Task goal: Images should not appear in the copy, yet every line of the listing below must be printed exactly.

Entries shown:
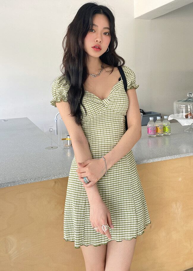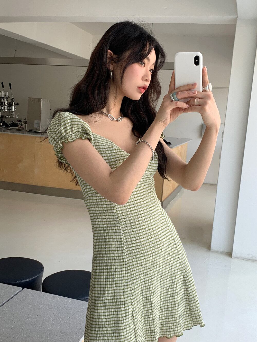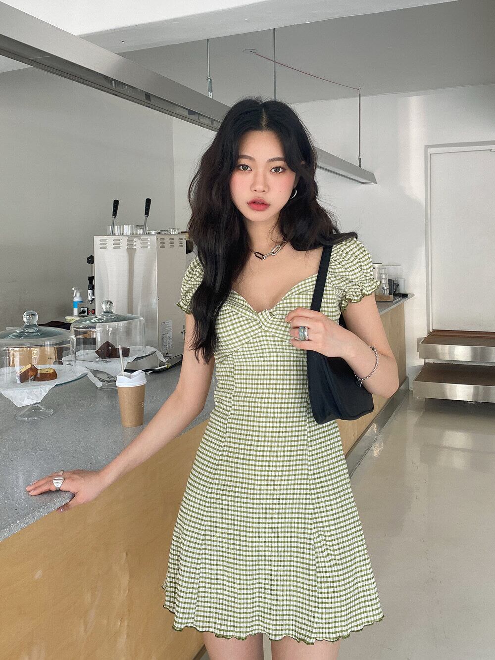 2020年夏の新しい妖精チェック柄レース半袖Vネックセクシーな背中の開いたウエストドレス女性セン 韓国婦人22872338092
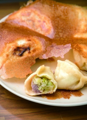 キャベツや玉ねぎなどを使った餡と一緒に、上質の豚肩ロース肉の塊がゴロゴロと入っている、贅沢な一品。もち粉などを使って店内で自家製造した皮は、弾力たっぷりで食べ応えがある。
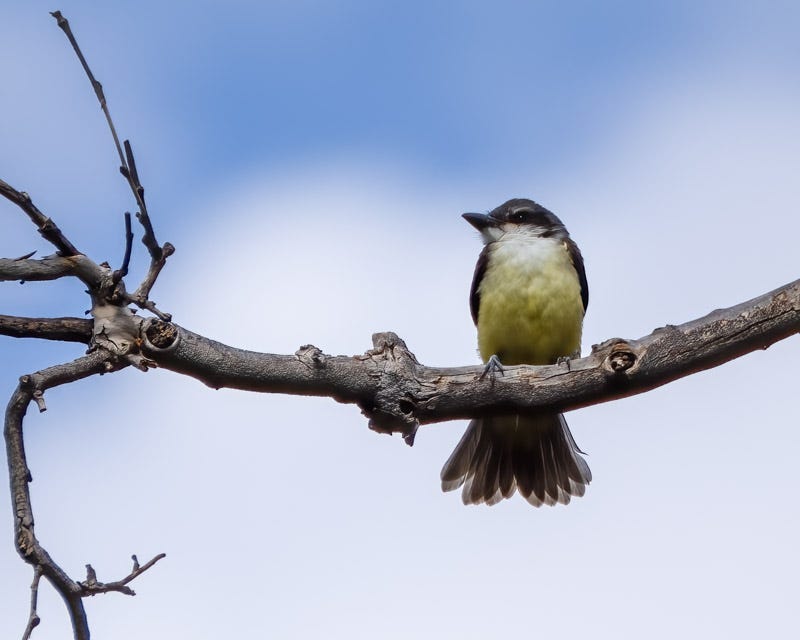 There were three young fledglings. These young Thick-billed Kingbirds had a more yellow belly than the adults, and did not have the black head and white face of the adult. The fledglings were off the nest but remained on the nest tree, waiting for one of the parents to bring them food. The adult Thick-billed Kingbirds did their job well. At one point the adult returned with a nice sized cicada!
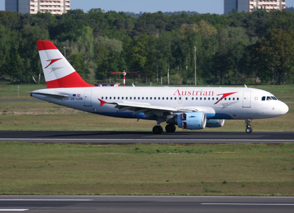 Austrian A 319-112 OE-LDB nach der Landung in Berlin-Tegel am 01.05.2011
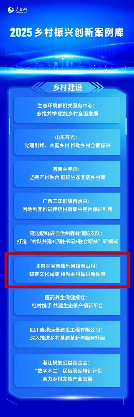 12月6日,由人民网主办的“2025乡村振兴大会”在北京隆重召开,大会以“数字赋能 城乡融合 加快农业农村现代化”为主题,汇聚全国200余名地方政府代表、专家学者及乡村振兴领域企业代表,共话乡村振兴新路径、共展实践新成果,农业农村部有关领导出席致辞。会上发布的《2025乡村振兴创新案例库》传来重磅喜报,平谷区报送的乡村建设案例《北京市平谷区南独乐河镇南山村:锚定文化赋能,绘就乡村振兴新图景》,从全国320个申报案例中脱颖而出成功入选,为“高大尚平谷”建设再添国家级荣誉。
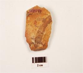 | Description / विवरण | A scraper made on chert end struck flake, ridge on dorsal surface, prominent bulb on ventral side, irregular cutting edges. |
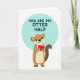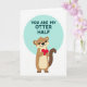 This card features a cute cartoon otter in warm brown with a light beige belly, standing upright and holding a ruby-red heart close to its chest ❤️. Its big black eyes and small smile give it a tender, affectionate look, like it’s quietly saying “I’m yours” without needing to speak. Behind the otter, a large teal circle creates a calm backdrop that makes the heart and fur tones stand out. Inside that teal circle, the phrase “YOU ARE MY OTTER HALF” appears in bold, sans-serif lettering, set in a dark ink for easy contrast. The words sit above and around the otter within the circle, framing the character like a gentle spotlight on a sweet connection 🥰. A white background keeps everything airy and focused, with just a touch of soft shading beneath the otter for a little depth. The teal circle is softly shaded, while the heart is a rich red with smooth, simple edges.
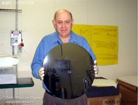 泡泡网主板频道2月20日 近期Intel宣布将投资50亿美元自今年年中在亚利桑纳州兴建Fab42工厂,这间工厂预计2013年完工,建成以后可生产基于300mm晶圆,以及基于14nm制程的芯片产品。虽然目前技术只能两场300mm晶圆,但是据Semico Research公司的分析,这间芯片厂不仅能生产300mm晶圆,还具备了生产基于450mm尺寸晶圆的能力。 450mm晶圆实物
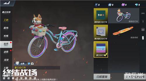 夏日自行车外形为复古风单车,前面的置物篮中放着可爱的汪星人,热烈奔放的颜色显示着盛夏氛围,车身上还有个性的涂鸦,与清凉夏日女性外观是绝佳的搭配,还可升级为清凉夏日自行车和精致夏日自行车。夏日自行车是游戏中第二款随身载具,玩家在排位赛准备区中可选择滑板或自行车作为本局比赛的随身载具,自行车还可搭载一名队友,极具实用性!
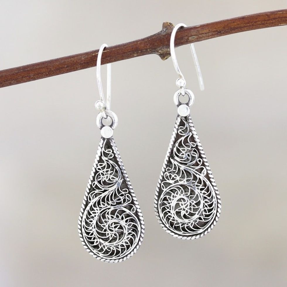Swirl Pattern Sterling Silver Drop Dangle Earrings 'Intricate Tears' Item ID: 2671789685
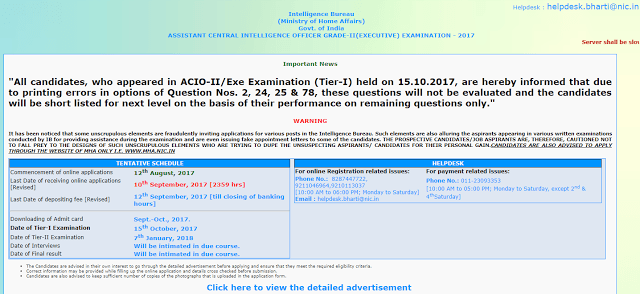 "All candidates, who appeared in ACIO-II/Exe Examination (Tier-I) held on 15.10.2017, are hereby informed that due to printing errors in options of Question Nos. 2, 24, 25 & 78, these questions will not be evaluated and the candidates will be short listed for next level on the basis of their performance on remaining questions only."
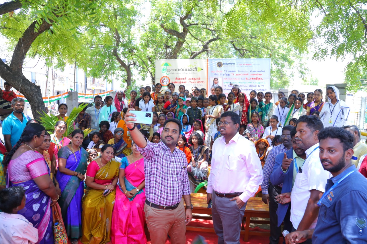 மேலும் தாயில்பட்டி, மடத்துப்பட்டி, நதிக்குடி பகுதிகளில் உள்ள அரசுப்பள்ளி மாணவிகள் 75 பேர், சுதந்திரப் போராட்டத்தில் ஈடுபட்ட 75 தலைவர்களின் வேடங்கள் அணிந்து வந்து சுதந்திர தின வாழ்த்துகளை தெரிவித்தனர். இதனை பார்த்த பொதுமக்கள் அனைவரும் கைதட்டி மகிழ்ச்சி தெரிவித்து பள்ளி மாணவிகளுக்கு வாழ்த்து தெரிவித்தனர். நிகழ்ச்சிகளை சிவகாசி முகநூல் நண்பர்கள் குழுவைச் சேர்ந்தவர்கள் ஒருங்கிணைத்தனர். நிகழ்ச்சியில் சிவகாசி எம்எல்ஏ அசோகன், மாநகராட்சி மண்டல தலைவர்கள் சூரியா, சேவுகன், மாமன்ற உறுப்பினர் ராஜேஷ், தாசில்தார் லோகநாதன், வருவாய் ஆய்வாளர் விக்னேஷ்வரன் உட்பட பலர் கலந்து கொண்டனர். ஆசிரியை ஜெயமேரி நன்றி கூறினார்.
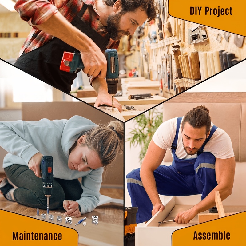 The 3-in-1 eccentric mechanism ensures that the cam locks hold panels and doors tightly in place, offering an adjustable, sturdy connection. Whether you are assembling new furniture, making repairs, or upgrading existing cabinets, this set provides the right fasteners to get the job done quickly and securely.
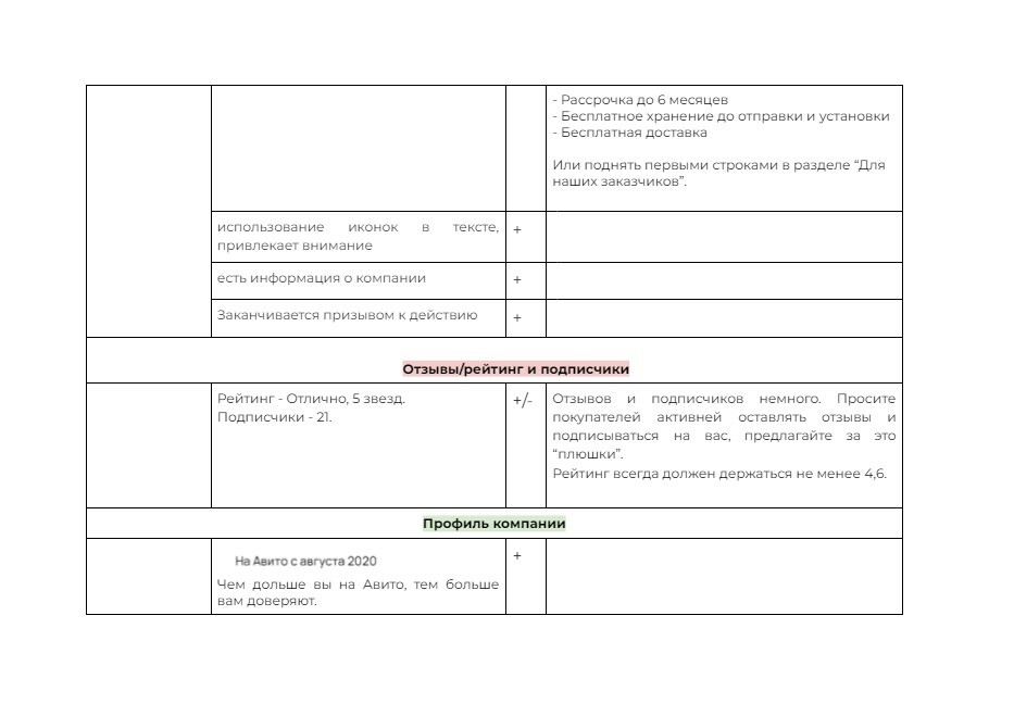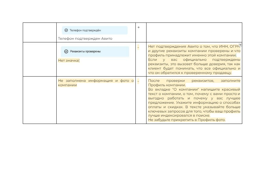 Провели аудит профиля и размещенных объявлений на интернет-сервисе Авито. Дали обратную связь.
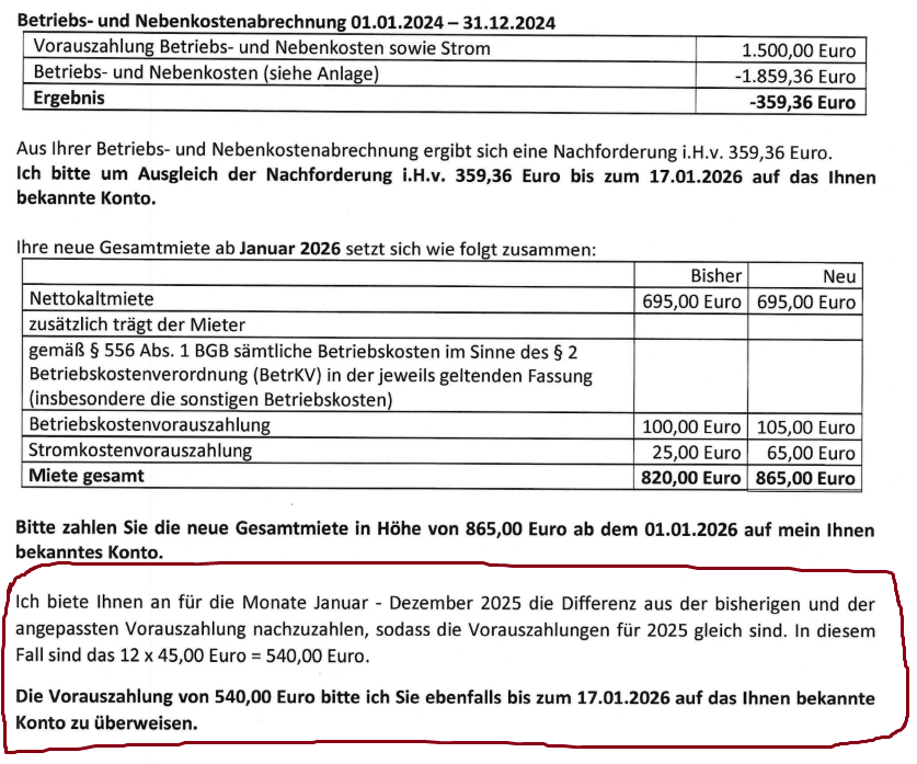 Based on that they adjusted the prepayment in particular for electricity (Vorauszahlung) for 2026. The rent (nettokaltmiete) stays the same.
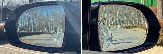蔚来ES7的左/右两侧后视镜均为双曲率镜面,实测成绩出色,左/右侧数据分别为30°和22°,在测试过的同级别车型中处于上游水平。
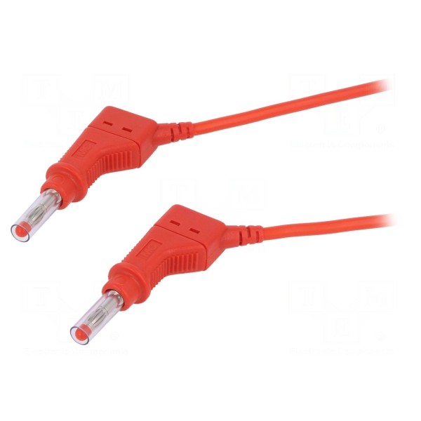 Złącza w wersji izolowanej posiadają gniazdo osiowe 4 mm oraz suwaną osłonę, co podnosi bezpieczeństwo użytkowania. Styki wtyków zostały wykonane z niklowanego materiału, natomiast izolację przewodu stanowi PVC w kolorze czerwonym. Produkt jest zgodny z normą EN 61010 i przystosowany do pracy w kategorii pomiarowej CAT II 600 V.

Answer box:
 2020年夏の新しい妖精チェック柄レース半袖Vネックセクシーな背中の開いたウエストドレス女性セン 韓国婦人22872338092
 キャベツや玉ねぎなどを使った餡と一緒に、上質の豚肩ロース肉の塊がゴロゴロと入っている、贅沢な一品。もち粉などを使って店内で自家製造した皮は、弾力たっぷりで食べ応えがある。
 There were three young fledglings. These young Thick-billed Kingbirds had a more yellow belly than the adults, and did not have the black head and white face of the adult. The fledglings were off the nest but remained on the nest tree, waiting for one of the parents to bring them food. The adult Thick-billed Kingbirds did their job well. At one point the adult returned with a nice sized cicada!
 Austrian A 319-112 OE-LDB nach der Landung in Berlin-Tegel am 01.05.2011
 12月6日,由人民网主办的“2025乡村振兴大会”在北京隆重召开,大会以“数字赋能 城乡融合 加快农业农村现代化”为主题,汇聚全国200余名地方政府代表、专家学者及乡村振兴领域企业代表,共话乡村振兴新路径、共展实践新成果,农业农村部有关领导出席致辞。会上发布的《2025乡村振兴创新案例库》传来重磅喜报,平谷区报送的乡村建设案例《北京市平谷区南独乐河镇南山村:锚定文化赋能,绘就乡村振兴新图景》,从全国320个申报案例中脱颖而出成功入选,为“高大尚平谷”建设再添国家级荣誉。
 | Description / विवरण | A scraper made on chert end struck flake, ridge on dorsal surface, prominent bulb on ventral side, irregular cutting edges. |
 This card features a cute cartoon otter in warm brown with a light beige belly, standing upright and holding a ruby-red heart close to its chest ❤️. Its big black eyes and small smile give it a tender, affectionate look, like it’s quietly saying “I’m yours” without needing to speak. Behind the otter, a large teal circle creates a calm backdrop that makes the heart and fur tones stand out. Inside that teal circle, the phrase “YOU ARE MY OTTER HALF” appears in bold, sans-serif lettering, set in a dark ink for easy contrast. The words sit above and around the otter within the circle, framing the character like a gentle spotlight on a sweet connection 🥰. A white background keeps everything airy and focused, with just a touch of soft shading beneath the otter for a little depth. The teal circle is softly shaded, while the heart is a rich red with smooth, simple edges.
 泡泡网主板频道2月20日 近期Intel宣布将投资50亿美元自今年年中在亚利桑纳州兴建Fab42工厂,这间工厂预计2013年完工,建成以后可生产基于300mm晶圆,以及基于14nm制程的芯片产品。虽然目前技术只能两场300mm晶圆,但是据Semico Research公司的分析,这间芯片厂不仅能生产300mm晶圆,还具备了生产基于450mm尺寸晶圆的能力。 450mm晶圆实物
 夏日自行车外形为复古风单车,前面的置物篮中放着可爱的汪星人,热烈奔放的颜色显示着盛夏氛围,车身上还有个性的涂鸦,与清凉夏日女性外观是绝佳的搭配,还可升级为清凉夏日自行车和精致夏日自行车。夏日自行车是游戏中第二款随身载具,玩家在排位赛准备区中可选择滑板或自行车作为本局比赛的随身载具,自行车还可搭载一名队友,极具实用性!
Swirl Pattern Sterling Silver Drop Dangle Earrings 'Intricate Tears' Item ID: 2671789685
 "All candidates, who appeared in ACIO-II/Exe Examination (Tier-I) held on 15.10.2017, are hereby informed that due to printing errors in options of Question Nos. 2, 24, 25 & 78, these questions will not be evaluated and the candidates will be short listed for next level on the basis of their performance on remaining questions only."
 மேலும் தாயில்பட்டி, மடத்துப்பட்டி, நதிக்குடி பகுதிகளில் உள்ள அரசுப்பள்ளி மாணவிகள் 75 பேர், சுதந்திரப் போராட்டத்தில் ஈடுபட்ட 75 தலைவர்களின் வேடங்கள் அணிந்து வந்து சுதந்திர தின வாழ்த்துகளை தெரிவித்தனர். இதனை பார்த்த பொதுமக்கள் அனைவரும் கைதட்டி மகிழ்ச்சி தெரிவித்து பள்ளி மாணவிகளுக்கு வாழ்த்து தெரிவித்தனர். நிகழ்ச்சிகளை சிவகாசி முகநூல் நண்பர்கள் குழுவைச் சேர்ந்தவர்கள் ஒருங்கிணைத்தனர். நிகழ்ச்சியில் சிவகாசி எம்எல்ஏ அசோகன், மாநகராட்சி மண்டல தலைவர்கள் சூரியா, சேவுகன், மாமன்ற உறுப்பினர் ராஜேஷ், தாசில்தார் லோகநாதன், வருவாய் ஆய்வாளர் விக்னேஷ்வரன் உட்பட பலர் கலந்து கொண்டனர். ஆசிரியை ஜெயமேரி நன்றி கூறினார்.
 The 3-in-1 eccentric mechanism ensures that the cam locks hold panels and doors tightly in place, offering an adjustable, sturdy connection. Whether you are assembling new furniture, making repairs, or upgrading existing cabinets, this set provides the right fasteners to get the job done quickly and securely.
 Провели аудит профиля и размещенных объявлений на интернет-сервисе Авито. Дали обратную связь.
 Based on that they adjusted the prepayment in particular for electricity (Vorauszahlung) for 2026. The rent (nettokaltmiete) stays the same.
蔚来ES7的左/右两侧后视镜均为双曲率镜面,实测成绩出色,左/右侧数据分别为30°和22°,在测试过的同级别车型中处于上游水平。
 Złącza w wersji izolowanej posiadają gniazdo osiowe 4 mm oraz suwaną osłonę, co podnosi bezpieczeństwo użytkowania. Styki wtyków zostały wykonane z niklowanego materiału, natomiast izolację przewodu stanowi PVC w kolorze czerwonym. Produkt jest zgodny z normą EN 61010 i przystosowany do pracy w kategorii pomiarowej CAT II 600 V.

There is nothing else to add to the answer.